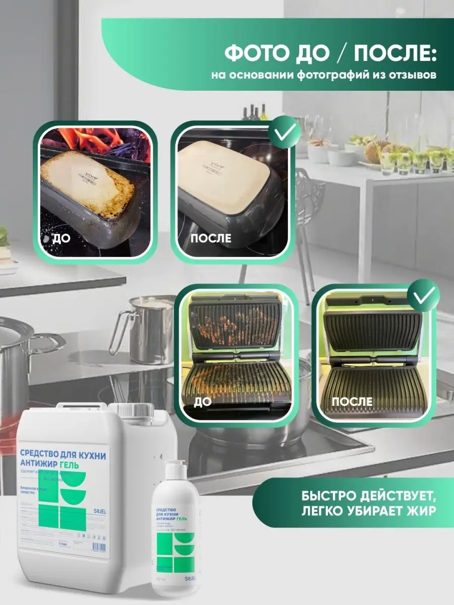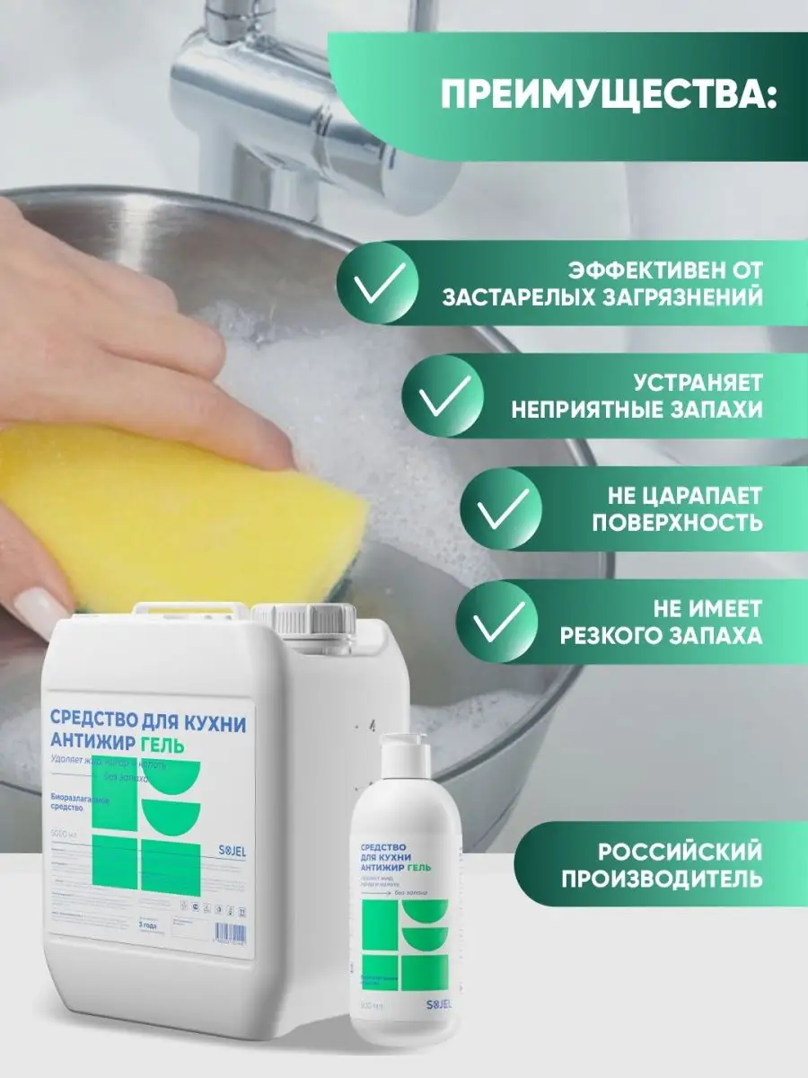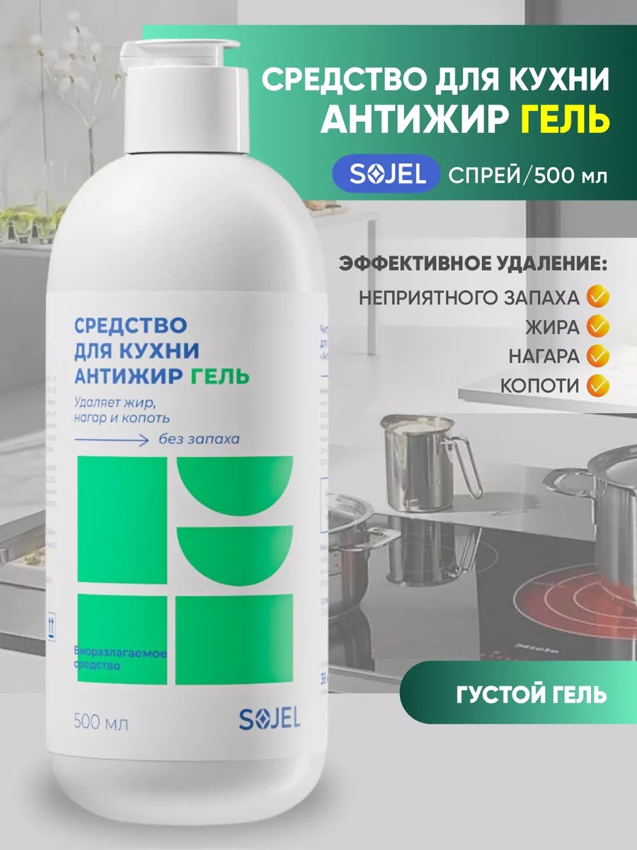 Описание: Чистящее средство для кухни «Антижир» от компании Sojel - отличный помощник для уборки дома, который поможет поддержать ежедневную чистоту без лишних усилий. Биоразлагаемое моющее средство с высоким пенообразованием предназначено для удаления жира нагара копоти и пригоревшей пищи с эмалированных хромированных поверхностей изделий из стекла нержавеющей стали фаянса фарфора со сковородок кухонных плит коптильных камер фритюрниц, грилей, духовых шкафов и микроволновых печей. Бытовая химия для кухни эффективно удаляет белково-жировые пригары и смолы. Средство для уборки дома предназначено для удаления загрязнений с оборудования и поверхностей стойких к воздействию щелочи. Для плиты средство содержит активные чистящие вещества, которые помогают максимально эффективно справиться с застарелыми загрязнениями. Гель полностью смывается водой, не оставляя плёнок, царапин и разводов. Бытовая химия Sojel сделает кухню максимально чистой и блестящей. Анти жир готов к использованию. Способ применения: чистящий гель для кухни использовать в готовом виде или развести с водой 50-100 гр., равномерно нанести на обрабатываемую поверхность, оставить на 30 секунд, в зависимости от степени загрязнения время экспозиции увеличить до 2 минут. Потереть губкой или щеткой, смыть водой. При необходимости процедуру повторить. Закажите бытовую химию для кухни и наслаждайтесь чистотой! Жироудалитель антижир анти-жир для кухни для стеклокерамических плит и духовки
□ □ □
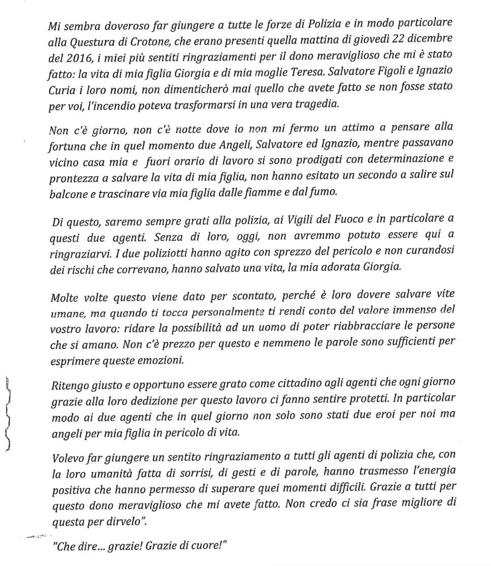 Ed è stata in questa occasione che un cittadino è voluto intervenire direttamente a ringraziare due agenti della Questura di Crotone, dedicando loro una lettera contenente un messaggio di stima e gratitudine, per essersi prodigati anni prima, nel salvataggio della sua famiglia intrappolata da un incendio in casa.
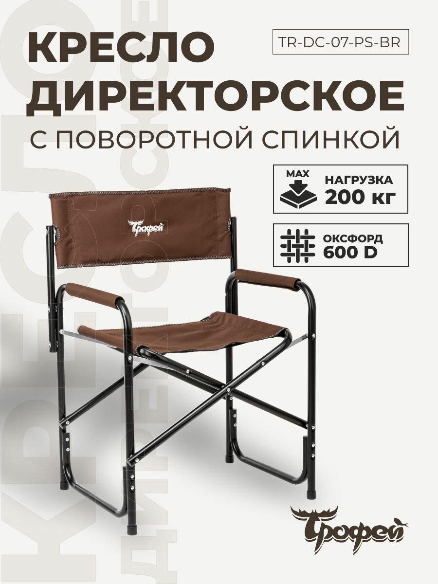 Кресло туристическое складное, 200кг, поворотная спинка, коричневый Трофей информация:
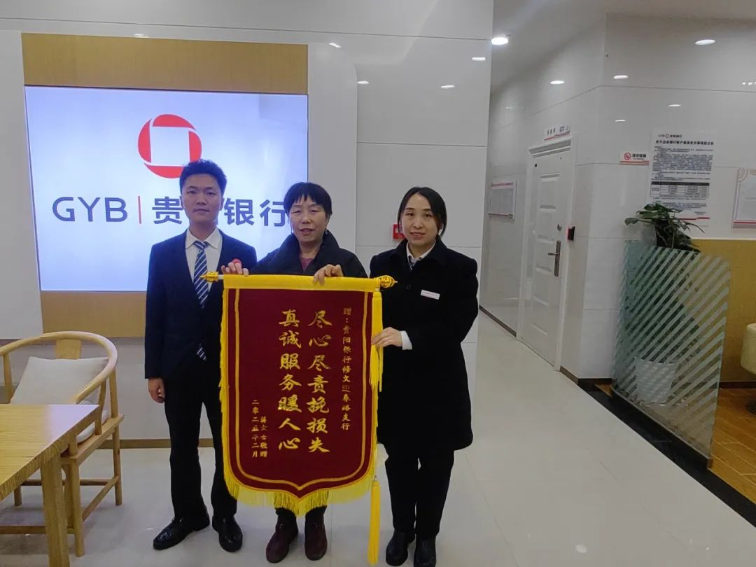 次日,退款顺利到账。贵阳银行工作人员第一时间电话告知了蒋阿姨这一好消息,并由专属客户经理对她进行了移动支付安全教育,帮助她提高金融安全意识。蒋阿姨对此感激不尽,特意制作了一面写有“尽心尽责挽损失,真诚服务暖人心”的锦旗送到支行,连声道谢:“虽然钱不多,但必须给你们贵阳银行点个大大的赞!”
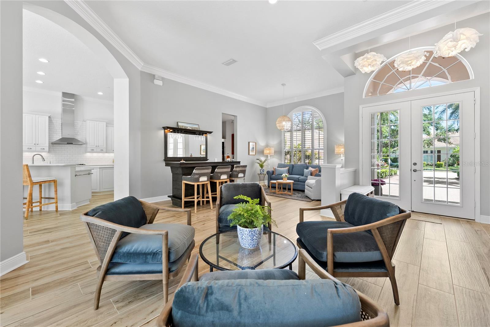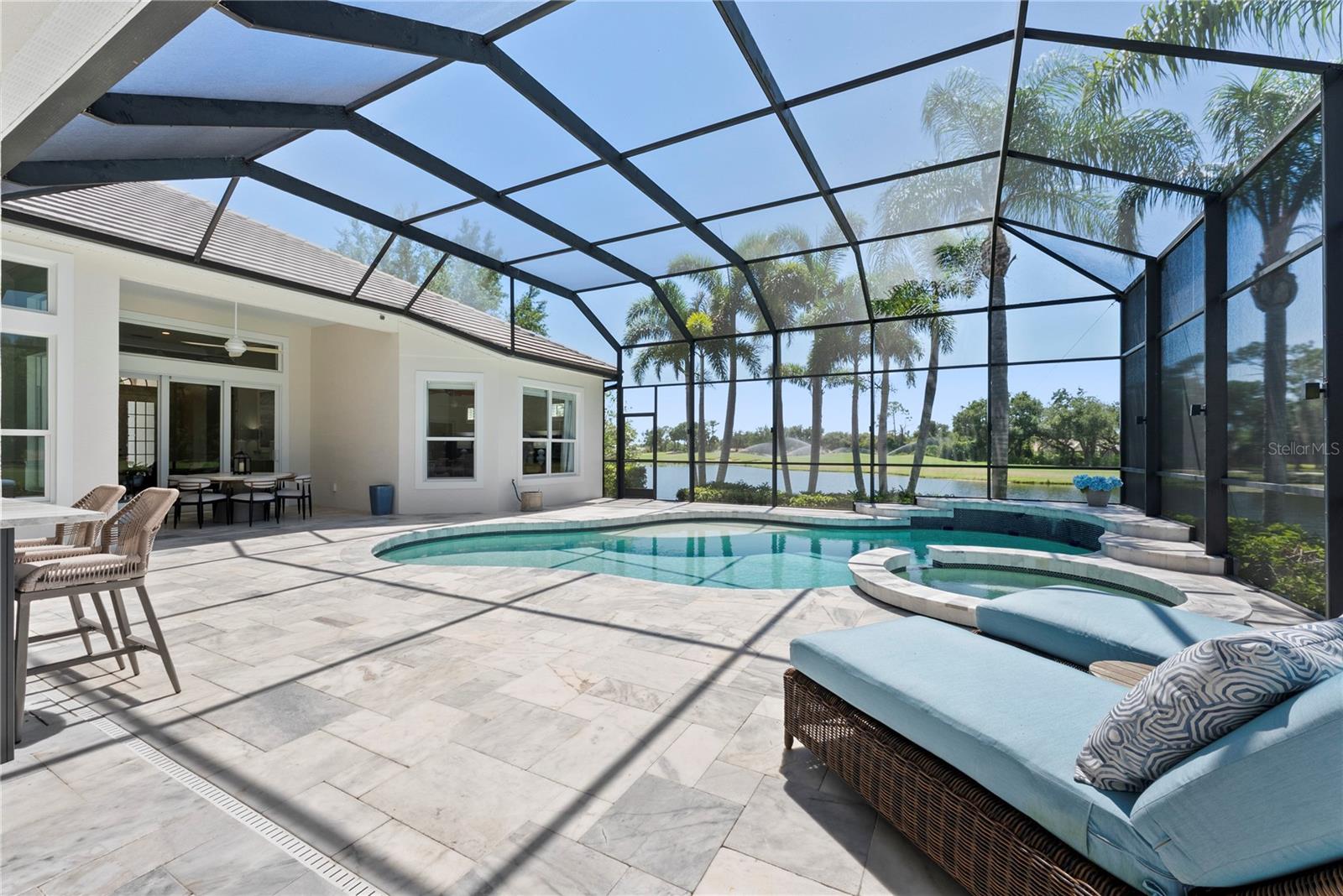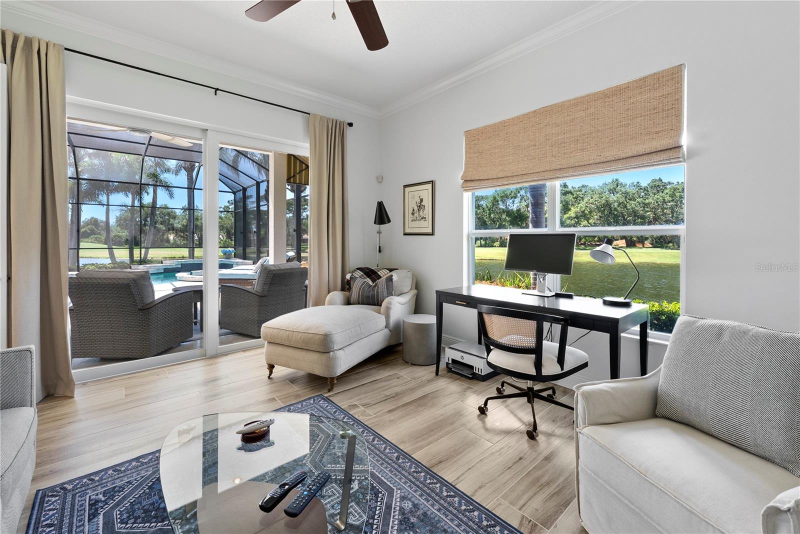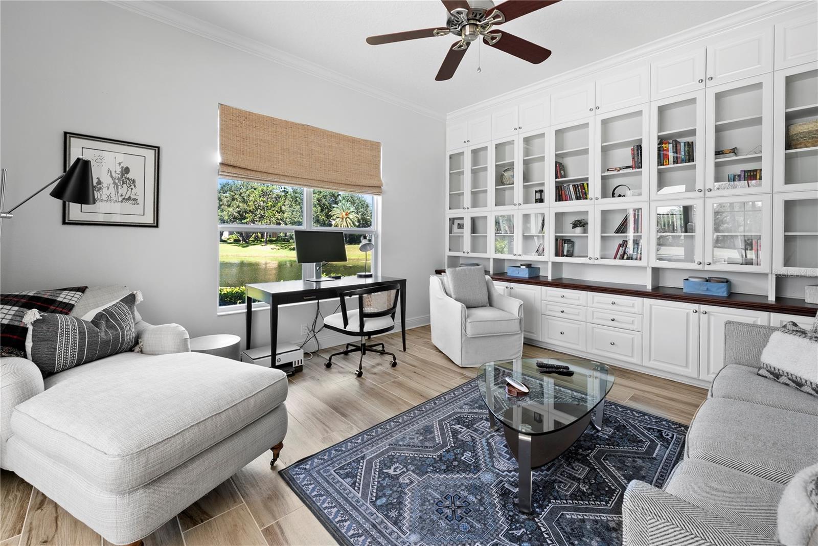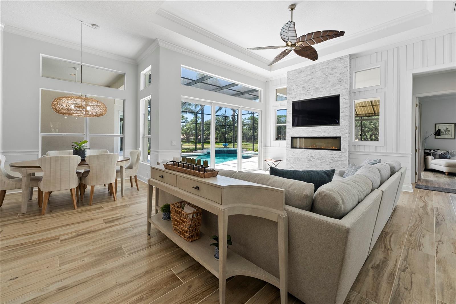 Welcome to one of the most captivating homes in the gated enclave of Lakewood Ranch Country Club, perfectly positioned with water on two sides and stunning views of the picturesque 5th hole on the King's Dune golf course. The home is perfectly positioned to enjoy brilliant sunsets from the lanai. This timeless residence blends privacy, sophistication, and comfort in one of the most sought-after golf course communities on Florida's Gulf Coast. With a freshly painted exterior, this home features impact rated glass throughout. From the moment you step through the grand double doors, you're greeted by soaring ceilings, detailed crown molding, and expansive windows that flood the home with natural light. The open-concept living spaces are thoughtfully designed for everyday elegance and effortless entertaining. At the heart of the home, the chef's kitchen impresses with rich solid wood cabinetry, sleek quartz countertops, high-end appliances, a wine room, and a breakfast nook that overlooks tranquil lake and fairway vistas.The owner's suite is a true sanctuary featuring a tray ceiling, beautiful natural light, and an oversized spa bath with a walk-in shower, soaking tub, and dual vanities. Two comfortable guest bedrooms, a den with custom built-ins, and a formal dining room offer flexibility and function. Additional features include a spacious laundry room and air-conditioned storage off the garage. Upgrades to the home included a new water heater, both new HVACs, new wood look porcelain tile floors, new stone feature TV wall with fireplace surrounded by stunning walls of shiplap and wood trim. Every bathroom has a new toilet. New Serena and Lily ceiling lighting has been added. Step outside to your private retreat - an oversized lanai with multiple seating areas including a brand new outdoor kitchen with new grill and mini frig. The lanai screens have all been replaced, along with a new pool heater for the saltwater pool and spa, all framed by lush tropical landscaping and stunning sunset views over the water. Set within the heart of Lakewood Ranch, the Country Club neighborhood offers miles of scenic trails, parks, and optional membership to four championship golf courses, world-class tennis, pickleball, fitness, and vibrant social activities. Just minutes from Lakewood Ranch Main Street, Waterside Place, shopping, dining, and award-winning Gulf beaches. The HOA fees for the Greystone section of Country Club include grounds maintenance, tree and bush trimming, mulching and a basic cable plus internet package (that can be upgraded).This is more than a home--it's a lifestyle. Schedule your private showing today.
□ □ □
Action item
A word-for-word reproduction is needed of the lines above from the line containing "Кресло туристическое складное, 200кг, поворотная" through the line containing "次日,退款顺利到账。贵阳银行", with both ends kept and no pictures.

Exercise output
 Кресло туристическое складное, 200кг, поворотная спинка, коричневый Трофей информация:
 次日,退款顺利到账。贵阳银行工作人员第一时间电话告知了蒋阿姨这一好消息,并由专属客户经理对她进行了移动支付安全教育,帮助她提高金融安全意识。蒋阿姨对此感激不尽,特意制作了一面写有“尽心尽责挽损失,真诚服务暖人心”的锦旗送到支行,连声道谢:“虽然钱不多,但必须给你们贵阳银行点个大大的赞!”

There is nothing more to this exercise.